Avec agacement, elle avait constaté que, ce matin encore, son compagnon ne se tenait pas dans la cuisine, prêt à la suivre quand elle quittait ses appartements une fois sa collation matinale avalée. Une fois de plus, elle allait devoir se rendre seule à Versailles où l'attendait son devoir ! Oser lui faire ça à elle, son frère d'arme ! Il avait bien choisit son moment pour se défiler, juste quand la grossesse de la reine Marie-Antoinette s'avançait, lui occasionnant un surcroît de soucis.

— Je ne vois pas pourquoi tu te mets dans des états pareils, avait baillé le jeune homme lors de leur dernière altercation à ce sujet. Sa Majesté ne doit plus quitter ses appartements, ce qui te simplifie grandement la tâche pour trois mois au moins. De plus, en raison de ma naissance roturière, je ne suis pas autorisé à approcher la famille royale. Aussi, au lieu de faire le planton devant la porte, en compagnie de nombreux autres soldats qui ne sont que trop ravis de faire leur cour, je puis bien m'accorder quelques jours de congé. Ce n'est pas comme si je faisais réellement partie des Gardes Royales après tout !

D'un geste crâne, André avait rejeté une mèche des lourds cheveux noirs qui lui tombaient devant les yeux. Malgré l'énervement qu'elle contenait de plus en plus difficilement –ou pour lui trouver un dérivatif, elle ne saurait le dire-, Oscar fut saisie par la brillance soyeuse de la mèche dont elle suivit le tracé du regard. Elle ne s'était pas rendue compte que son ami portait les cheveux si longs. Ni que ses yeux, qui la fixaient à présent d'un air d'ingénuité savamment calculé, avait un éclat pareil à celui de l'émeraude. Le frisson involontaire qui l'agita l'affola et attisa sa colère.

— Si tu avais daigné être présent ces jours derniers, tu aurais sans nul doute remarqué tout comme moi l'atmosphère oppressante qui règne au château. Il bourdonne une rumeur à travers les salons, l'on sent des regards appuyés sur la souveraine et son entourage. Cela ne me dit rien qui vaille.
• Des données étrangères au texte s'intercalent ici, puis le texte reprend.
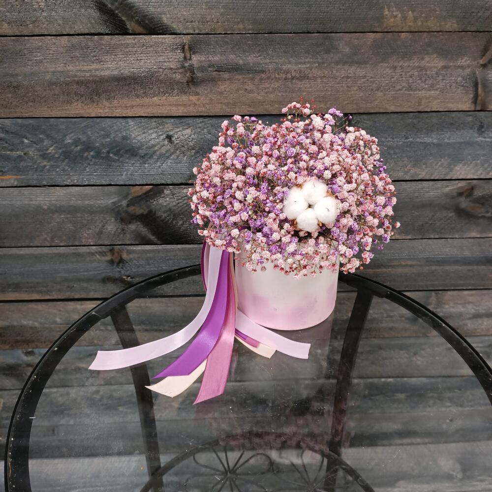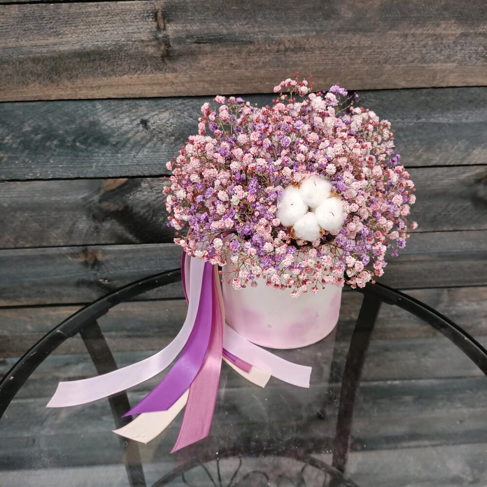 Гипсофила – 4 шт.Хлопок – 1 шт.Лента атласная – 1 шт.Шляпная коробка – 1 шт.Оазис флористический – 1 шт.
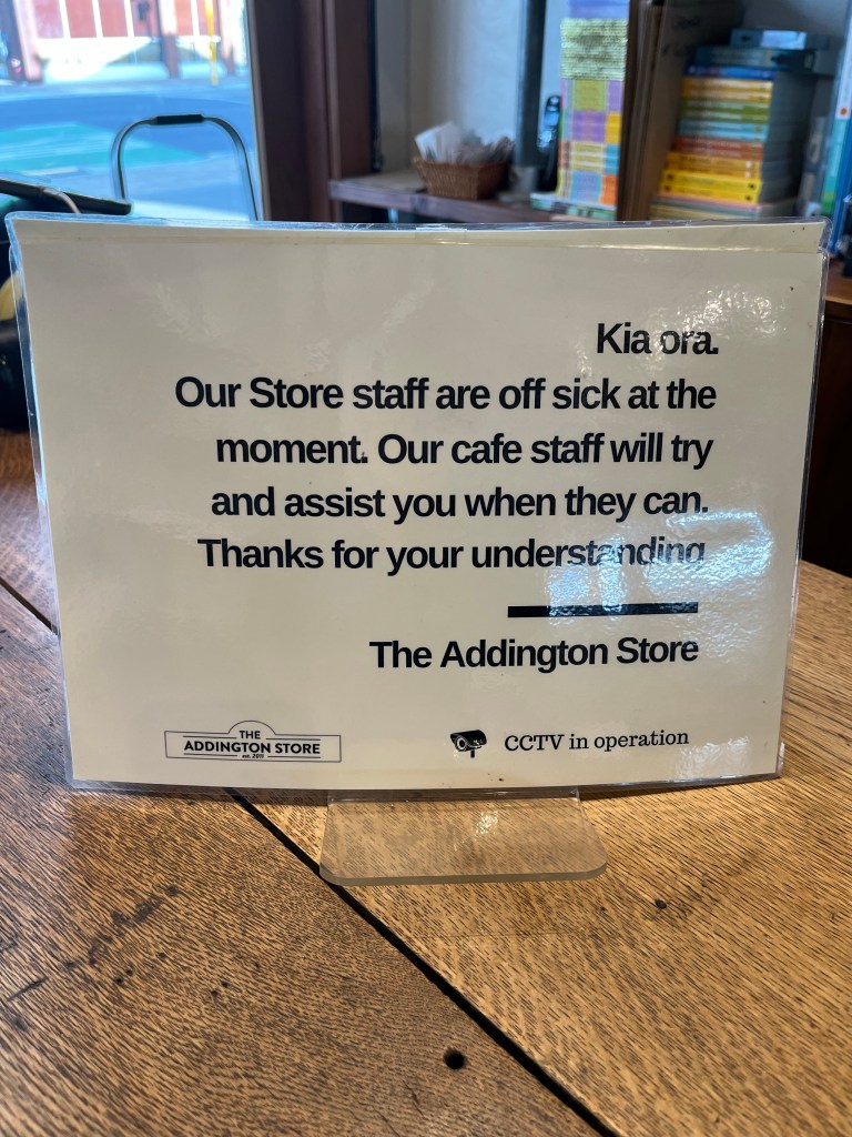 No one working double time to make up for people being out, no pretending like nothing changes for the customer when you’re short staffed, no apology for being sick, just an acknowledgement that people are sick and others will try to help when then can. Perfection!

— Sans doute des courtisans désœuvrés qui ont parié sur la date de la naissance ou sur le sexe de l'héritier et qui redoutent de perdre leur mise, avait affirmé André du ton lassé de celui qui a cessé de s'émerveiller de la cour et de ses fastes.

— Pardonne-moi de t'avoir fait perdre ton précieux temps, que tu consacres si utilement à vagabonder... Dieu sait où ! s'exclama-t-elle.

Irritée de voir son intuition dédaignée par son ami, Oscar avait tourné les talons et fait passer sa frustration au moyen d'une longue chevauchée à travers champs.

Depuis cet échange houleux, elle avait à peine échangé deux mots avec André. Celui-ci semblait passer la majeure partie de ses nuits hors de la demeure des Jarjayes et il était souvent endormi lorsque la jeune femme s'en allait à son tour prendre son service auprès de la reine. Mais chaque jour, elle entendait de nouvelles rumeurs concernant la venue au monde de l'enfant de France attendu depuis des années. Certaines histoires tenaient incontestablement de la fable mais d'autres étaient plus alarmantes, se basant sur la stérilité présumée de la Reine qui n'avait pas conçu en sept ans de mariage. La veille, Oscar avait reçu un rapport confidentiel des services secrets du Roi qui confirmait l'existence d'un complot : le duc d'Orléans faisait courir le bruit que la grossesse de Marie-Antoinette n'était qu'une comédie et qu'elle avait l'intention de prendre l'enfant d'une de ses suivantes afin de le faire passer pour le sien. Effrayée des conséquences d'une telle rumeur qui pourrait porter le discrédit sur la Reine et déstabiliser la couronne, elle n'avait quasiment pas fermé l'œil de la nuit.